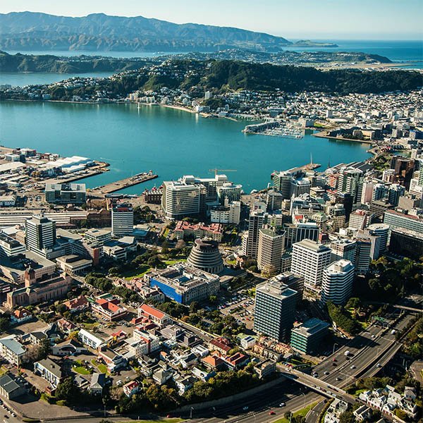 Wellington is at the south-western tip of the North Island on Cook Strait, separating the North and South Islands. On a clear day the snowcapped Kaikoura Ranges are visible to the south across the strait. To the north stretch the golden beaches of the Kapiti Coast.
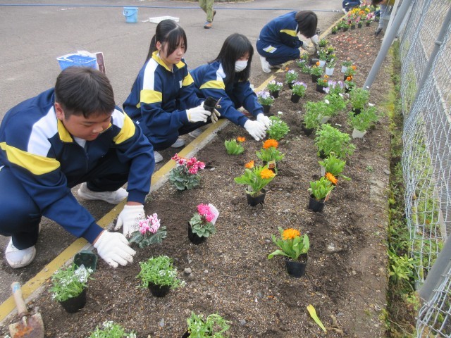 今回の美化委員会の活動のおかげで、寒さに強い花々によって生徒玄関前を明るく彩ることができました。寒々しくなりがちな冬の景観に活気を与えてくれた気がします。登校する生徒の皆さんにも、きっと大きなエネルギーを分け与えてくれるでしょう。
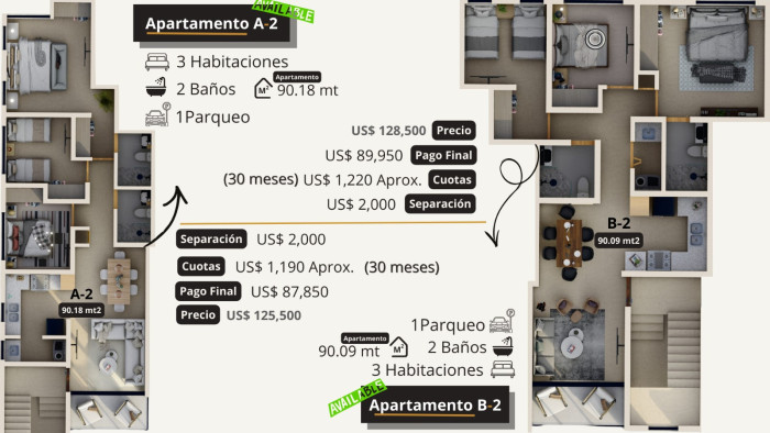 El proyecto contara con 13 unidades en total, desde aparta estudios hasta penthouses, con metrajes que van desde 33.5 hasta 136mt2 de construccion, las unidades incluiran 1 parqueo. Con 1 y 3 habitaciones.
-------------------------
_EXERCISE DETAILS_
Print the material in full and exactly; the pictures must not be printed.

_FINISHED EXERCISE_
 Wellington is at the south-western tip of the North Island on Cook Strait, separating the North and South Islands. On a clear day the snowcapped Kaikoura Ranges are visible to the south across the strait. To the north stretch the golden beaches of the Kapiti Coast.
 今回の美化委員会の活動のおかげで、寒さに強い花々によって生徒玄関前を明るく彩ることができました。寒々しくなりがちな冬の景観に活気を与えてくれた気がします。登校する生徒の皆さんにも、きっと大きなエネルギーを分け与えてくれるでしょう。
 El proyecto contara con 13 unidades en total, desde aparta estudios hasta penthouses, con metrajes que van desde 33.5 hasta 136mt2 de construccion, las unidades incluiran 1 parqueo. Con 1 y 3 habitaciones.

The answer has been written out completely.